Dreamachines and Sonic Spells
But Gysin wasn’t content with bending text—he wanted to hack the brain itself. With mathematician Ian Sommerville, he co-invented the Dreamachine in the early 1960s: a spinning cylinder of light and shadow designed to stimulate the brain’s alpha waves. When viewed with eyes closed, the device could induce a trance-like, visionary state. Gysin called it the “first art object to be experienced with the eyes closed.” It was the precursor to modern immersive tech, a stroboscopic bridge to altered states, and a magickal device as much as a scientific one.
He was equally experimental with sound, exploring permutation poems, in which simple phrases are rearranged in every possible order—mechanically, hypnotically, ritually. These were not poems in the traditional sense. They were incantations, designed to reprogram consciousness through repetition and disruption.
Interzones and Intersections
Gysin’s work resists easy classification. He was an artist of interzones—geographic, cultural, psychological. Much of his life was spent in Tangier, Morocco, a city that for Gysin held the same liminal pull as Burroughs’ “Interzone.” He co-owned The 1001 Nights restaurant, where he helped introduce Moroccan trance music—the Master Musicians of Jajouka—to the Western avant-garde. He viewed the ritual music not as entertainment but as a living technology of ecstasy, something older than art, more primal than poetry.
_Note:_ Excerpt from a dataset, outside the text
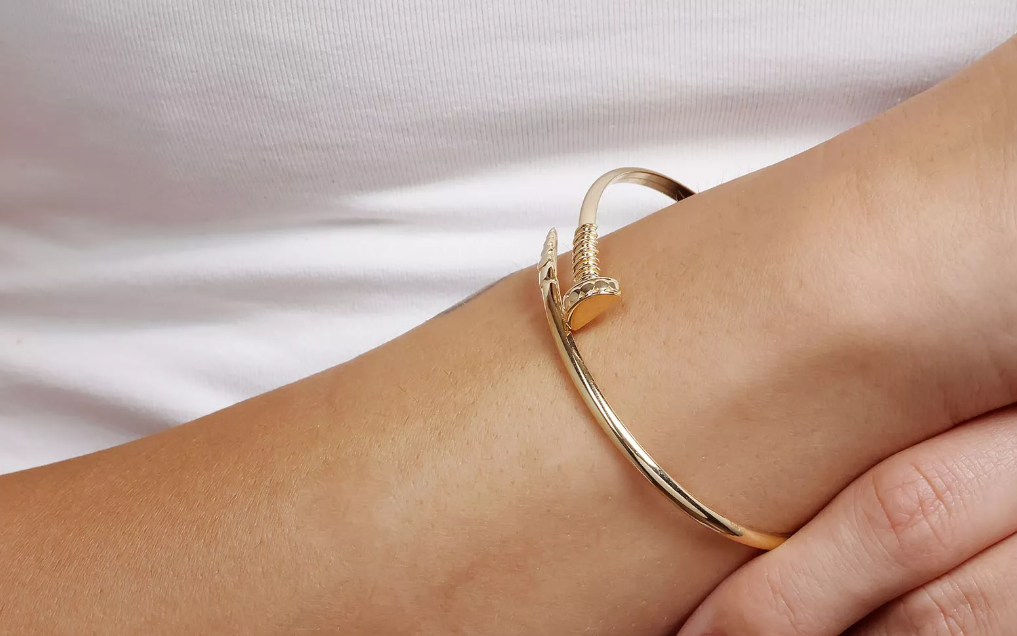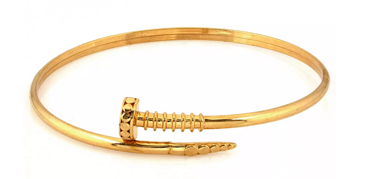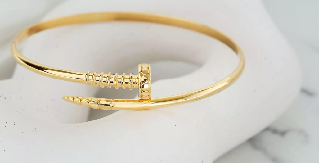Moderný zlatý náramok v ikonickom "nail" dizajne, ktorý spája eleganciu, minimalizmus a jemnú extravaganciu. Dokonalý doplnok pre ženu, ktorá miluje štýlové šperky.

This love of sound, ritual, and rhythm also infused his visual art, which blended calligraphy, abstraction, and Islamic aesthetics into works that seem to vibrate with hidden frequencies. His pieces often look like sigils or spells, encoded with motion, rhythm, and the ghost of language. They whisper in tongues, even when silent.
Legacy of a Trickster
Gysin died in 1986, never quite recognised in the mainstream but deeply revered in the underground. Brian Eno called him “the most influential person no one’s ever heard of.” David Bowie, Genesis P-Orridge, Patti Smith, and Laurie Anderson all claimed influence. He was a trickster figure, a cultural saboteur, a magical realist of the avant-garde.
In many ways, Gysin is the patron saint of the remix. He shattered the tyranny of the straight line—linear time, linear language, linear logic—and invited us into a labyrinth where meaning is fluid, identity is performative, and consciousness is something to be hacked, not accepted.
Why Gysin Still Matters
In an age of algorithmic feeds, AI-generated art, and hypertextual lives, Brion Gysin feels like a prophet whose time has finally come. His cut-up method echoes in digital collage, glitch aesthetics, and generative text. His Dreamachine prefigures virtual reality and brainwave tech. His insistence that “writing is fifty years behind painting” now sounds like a dare to writers to catch up—not with paint, but with code, sound, light, and the architecture of thought itself.
To follow Gysin is to step off the well-worn path and into a realm where language is alive, time folds, and every medium is a doorway. He reminds us that creativity isn’t about mastery of form, but about breaking forms open, listening to the voices in the noise, and having the audacity to follow them into the unknown.
He didn’t just make art.
He cast spells.
Further Exploration:
- The Third Mind by William S. Burroughs and Brion Gysin
- Brion Gysin: His Name Was Master (Documentary)
- Audio Works: “Recalling All Active Agents” and “Junk Is No Good Baby”
- The Process (Novel by Gysin) — A metaphysical road trip through the Sahara
His art invites not admiration, but initiation. Will you walk through the portal?